Macchu Picchu with Huayna Picchu behind
Our group at Macchu Picchu
After spending a couple of hours wandering around the city with our guide Roxner, Chris, Caroline, Joanne and I set off to climb Huayna Picchu, an imposing mountain that towers over Macchu Picchu. Although a very steep and narrow climb, if you can make it to the top you are rewarded with fantastic views over the Inca city and a real sense of perspective as to its position in relation to the valleys around. Although by now I was feeling pretty rotten and the clearing of the cloud had made it a little too hot for tearing up a mountain, I decided I had to go for it and somehow managed to drag myself up the mountain in only thirty minutes. 
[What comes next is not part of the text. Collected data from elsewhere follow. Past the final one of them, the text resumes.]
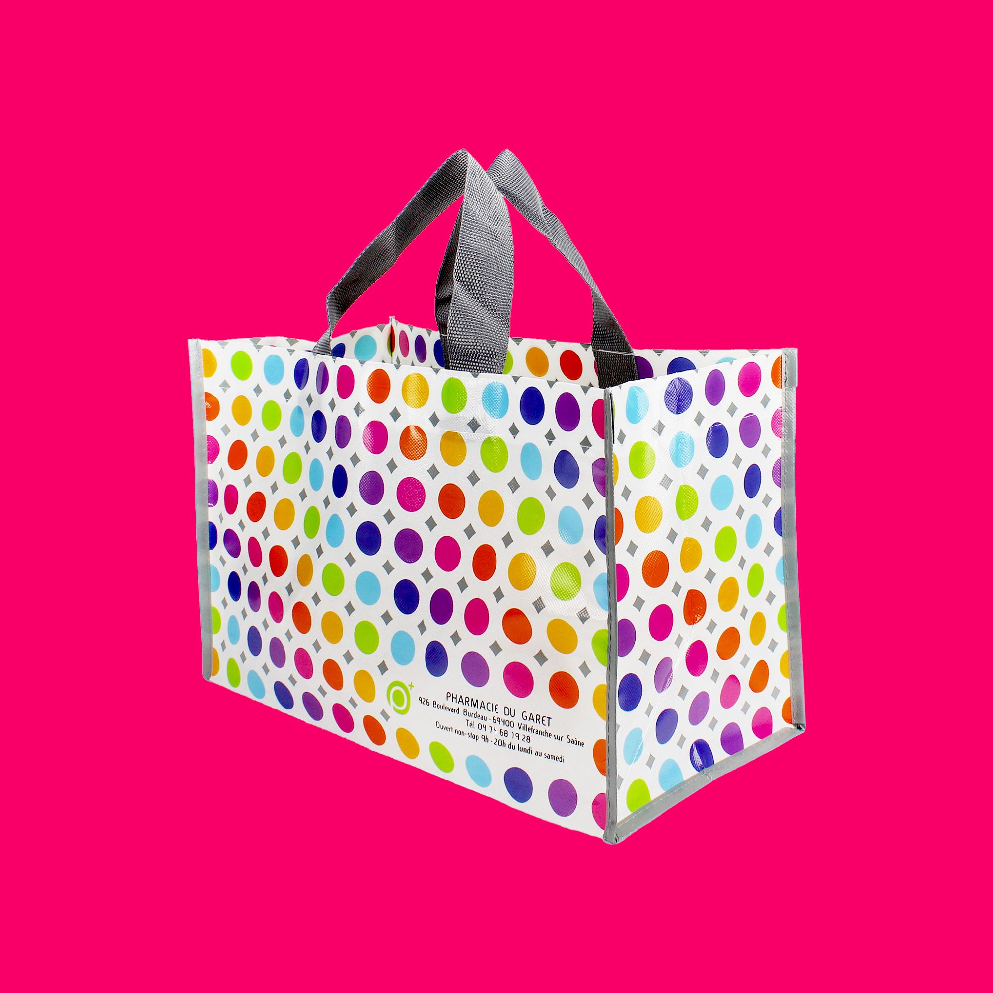 Nos sacs cabas en polypropylène non tissé (PP) sont pratiques, robustes, économiques et 100 % personnalisables. Les sacs shopping en textile non tissé ou « intissé » sont élégants, de par la souplesse de la toile. Parfaits pour les enseignes, les marques, les centres commerciaux, ou encore les hôtels, ils sont largement utilisés et réutilisés par vos clients, et offrent ainsi un support de communication efficace. Le sac cabas en pp non tissé non laminé est une alternative réutilisable au sac papier kraft, avec un budget maîtrisé. Il s’adapte au retail aussi bien qu’à l’évènementiel.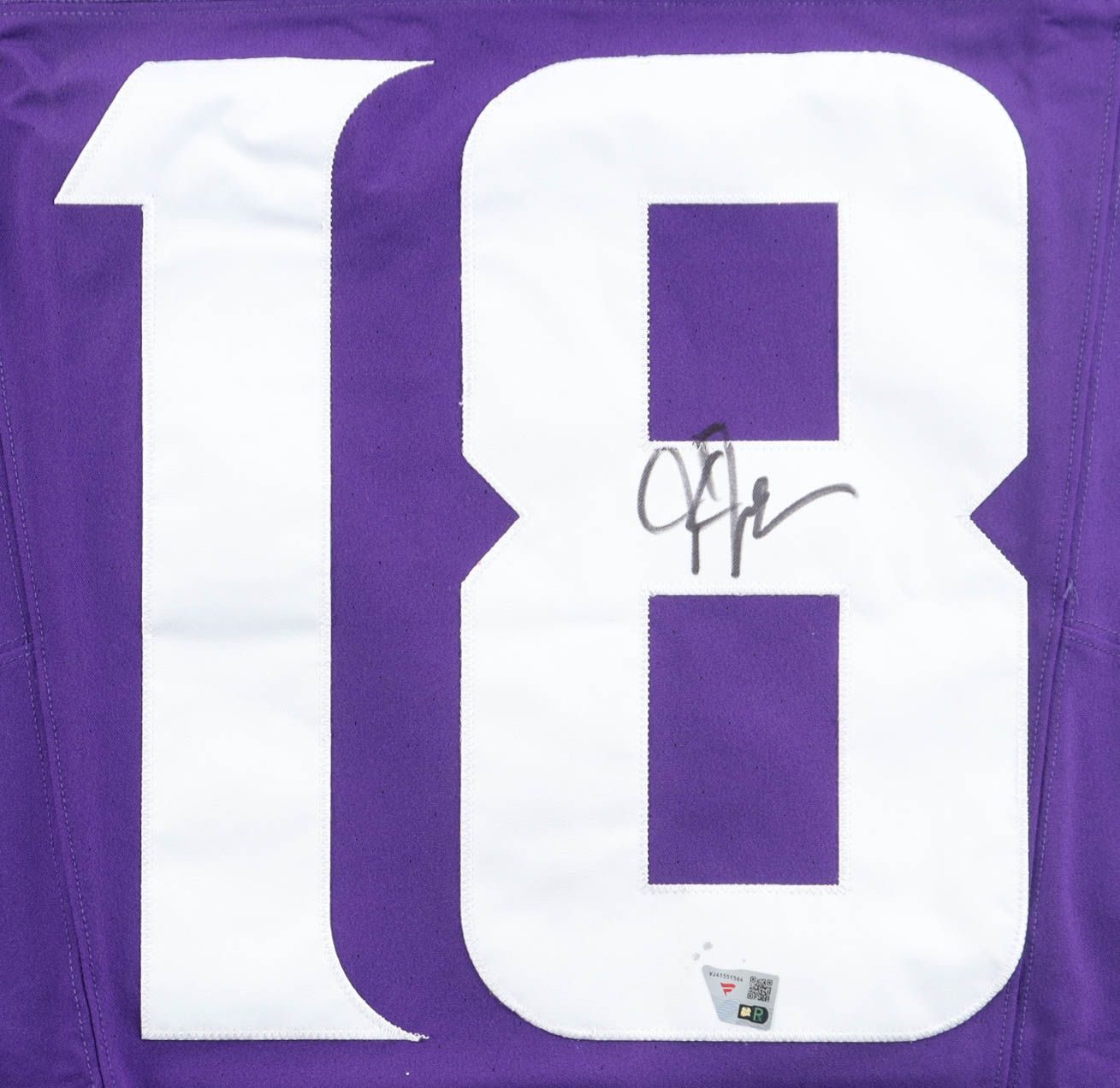 Nike jersey with everything sewn on, size 48. Hand-signed by Justin Jefferson (Minnesota Vikings). Please note, there are stray ink marks above the hologram.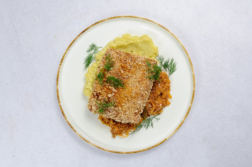 Sojowy kotlet w panierce, puree ziemniaczane z lubczykiem, zasmażana kapusta z grzybami leśnymi, koper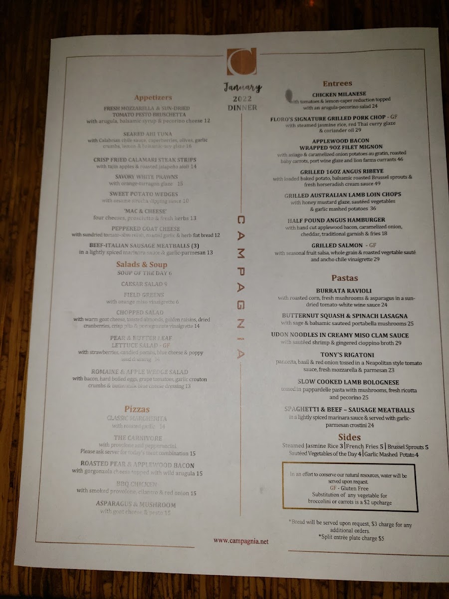 Salads and soups also take center stage, featuring delightful options such as the refreshing Watermelon and Roasted Beets salad. With each dish, Campagnia Bistro delivers an unforgettable dining experience, complete with top-notch service and a warm ambiance.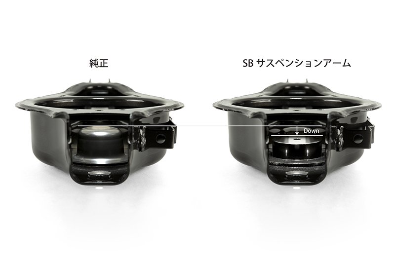 き上げ感)が強くな乗り心地の悪化になります。SBサスペンションアームを装着することによ

View of Macchu Picchu from the top of Huayna Picchu


Before long, it was time to leave Macchu Picchu and take a slightly hairy bus ride down the hill to the nearest settlement, Aguas Calientes, where most people stay when visiting the city. However, we had a rather tight schedule in order to fit in everything we wanted to see while Chris was in Peru so had planned to catch a train straight back to Cusco so that we could catch a night bus on to Puno, our next destination, that evening. Unfortunately, there had been some sort of mix-up with our train tickets and Wayki Trek (who other than this slight hiccup had been absolutely excellent) didn't have any train tickets for us to get back to Cusco! Thanks to the sterling efforts of Roxner we managed to blag our way on to train that afternoon, but it did mean pretending to be called Emma and Sofia (as they had some spare tickets in those names) and somehow getting through three security barriers undetected! It was rather like the end of the Great Escape as we tried to look cool and act normally as we passed the guards on each occassion (I half expected someone to say 'Good Luck' in a German accent), but somehow we did it and it was with great relief that the train pulled out of Aguas Calientes and set off on its journey back to Cusco. 

Relief at catching the train back to Cusco!